けたたましい音を響かせて箱が床に落ちた。

両手で持つにちょうど良い大きさの平たい形状の木箱は、蓋つきで黒く塗られていて、縁は金の箔で飾られており、箱自体が上等であるし高価である。
そういう箱が床に放り出されて、蓋が開き、ざらりと金色の粒がこぼれだした。
床がきらきらとして美しい。

「おお、失礼をした。しかし中身は菓子であったはずが。なんと驚いたものですな、これは菓子ではないぞ」

諸葛亮はときおり、慇懃無礼な口調であると人から揶揄されることがあり、そうならないように気を付けている。
だがわたしの口調など、この護衛の慇懃無礼かつおそろしく嫌味な口調に比べれば子どものようなものだな…としみじみと思ってしまう。

向かい合った相手は、わなわなと震えている。
でっぷり肥えた体躯を豪奢な着物で飾り立てた男である。長江流域で商いをしているというその商人は、劉備ではなく諸葛亮を指定して面談の申し出をしてきて、会ってみると、気色が悪いほどにこやかな笑みを浮かべ、近付きのしるしに菓子を贈りたいという。

胡散臭いなと警戒しながらとりあえず受け取ろうとしたところ、横から護衛が手を出し、わざとらしく、箱を落とした。
果たして箱からざらざらとこぼれ出たのは菓子ではなく、まばゆく光輝く金の粒であったというわけだった。

魏延はたいそう凶悪な面相でにやりと笑った。
「さあて。この金は、なにか」
聞くまでもない。
菓子だったら、ただの挨拶の品として受け取るが。
商人が行政官に大金を渡すのは、賄賂にほかならない。
荊州南部の行政を実質的に掌握する諸葛亮が受け取れば、その時点で、収賄の罪になる。まあ、大半の行政官ならば受け取るであろうし、そしてそれが露見することはめったにない。
そうして一部の商人が不法に肥え太り、官僚は堕落し、政治は腐敗していく。
諸葛亮はむろん、賄賂なぞ受け取る気はない。
むしろ捕らえて締め上げたい。これほどの大金をぽんと贈ってくるからには、さぞかし悪辣な手口で儲けているのだろう。


「おお、分かったぞ。其方、劉備様を支援したいのだな?」
諸葛亮は冷然とした無表情で座っているが、その横に立っていた魏延が嬉々とした声音で言い放ちつつ前に出る。

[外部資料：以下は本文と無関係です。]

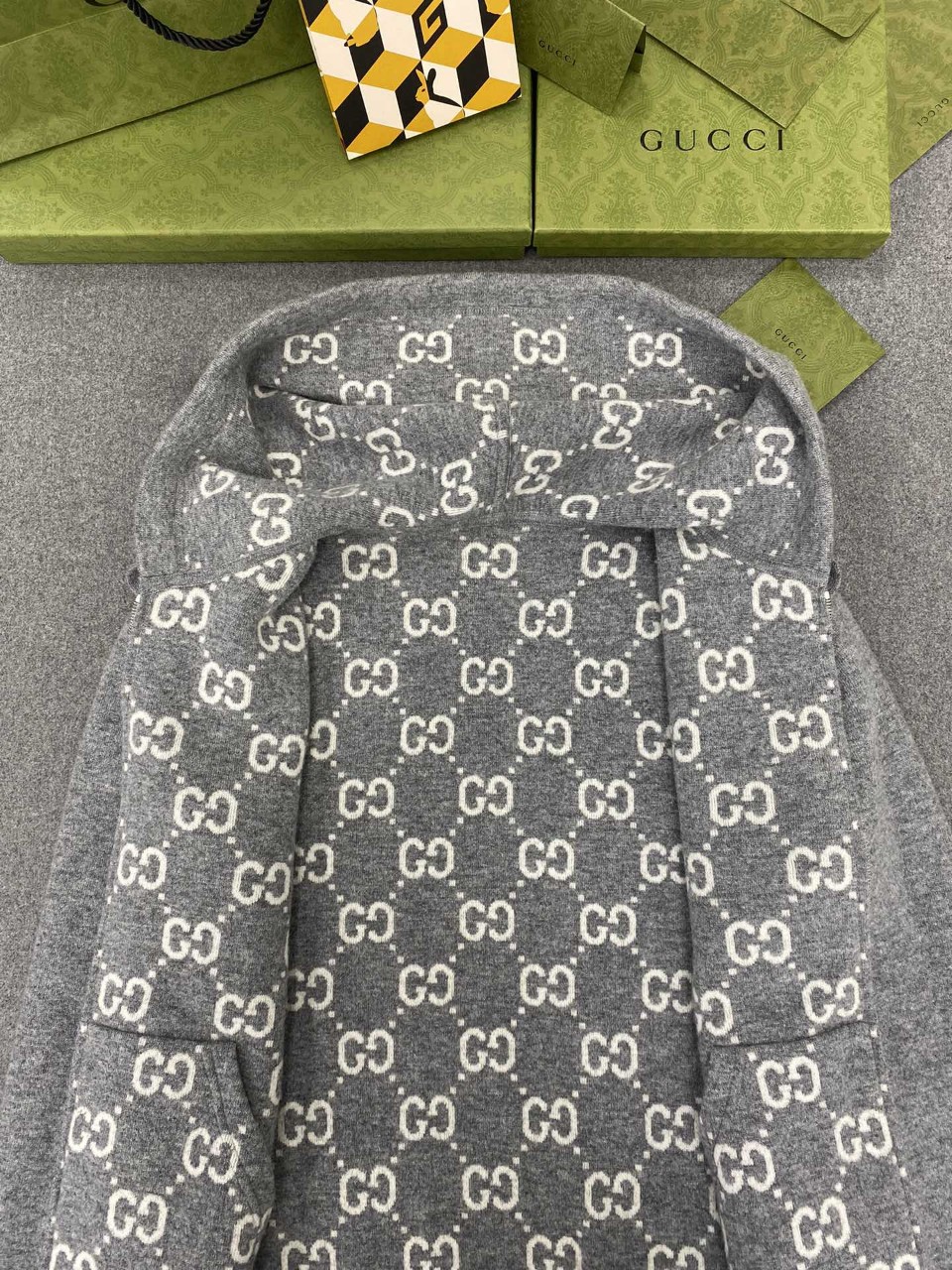 구찌 리버서블 울 니트 집업 후드

こんなにも偉そうに堂々と前に出る護衛は、こやつくらいだろうな。

「分かるぞ、劉備様は器の大きな御方だ。漢室を守らんとする意志も見事なら、脇を固める武将もまた忠義あふれる豪傑ぞろい。この上なき清廉な智者であられるこの軍師も、お付きしておる」

「・・・・」
諸葛亮はますます無言である。
夕べ、戦陣を模した盤上遊戯にてあまりにしつこく食い下がるので「もう寝る」と言ったところ「逃げるとは卑怯だぞ、このクソ軍師」となじられたのは記憶に新しいのだが。

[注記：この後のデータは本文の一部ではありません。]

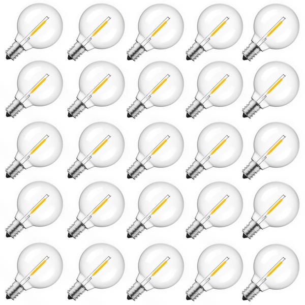 Brightown G40 Replacement LED Light Bulbs, 25 Pack Clear Globe Bulb fits E12 C7 Candelabra Screw Base Sockets, 1.5 Inch Dimmable Edison Light Bulbs for Indoor Outdoor Patio Decor, Warm White

「おお、すまぬな、商人殿。大金ゆえ、賄賂かとおもうて逆上しそうになったが。なにしろこちらにおられるわが軍の軍師殿は、部下一同が居心地悪うなるほど清廉で潔癖で頭が固くておられるので、賄賂はお嫌いで、お受け取りにならないばかりか、罪に問うであろう。しつこい性格であられるゆえ、捕縛され拷問されるかもしれんぞ、貴殿」

この茶番にいつまで付き合わなければならぬのだろうか。
人形でもつくって椅子に置いておいて、ほかの仕事がしたい。

「だが、貴殿が我が殿、劉備様を支援なさりたいというなら話は別だ。善意の寄付金であれば、喜んで受け取るぞ。さて、何に使って欲しいというご希望はおありか?武器の鋳造か、食糧の調達か。あっ、そうだ、馬の補給。そうしよう。それで、よいであろうな?」

最後には機嫌よく笑って、腰に下げた大曲刀をわずかばかりに抜き、厚い刀身をちらつかせる。
怒涛の攻勢にひと言も口をはさめなかった商人は青くなったり赤くなったりしていたが、さいごには、
「も、もうそれでよい!」
と叫んで、椅子を蹴立てて帰ろうとしたのを、むんずと襟首をつかんで力づくで引き留め、寄付であると証文まで書かせる周到さである。
にんまりと笑った魏延は証文を握りしめ、商人の肩をがくがくと揺らして、「寄付ならばいつでも受け付けている。是非また来られよ」と言っているが、どう考えても二度と来ないであろうし、なんなら長江南岸には近づかないかもしれない。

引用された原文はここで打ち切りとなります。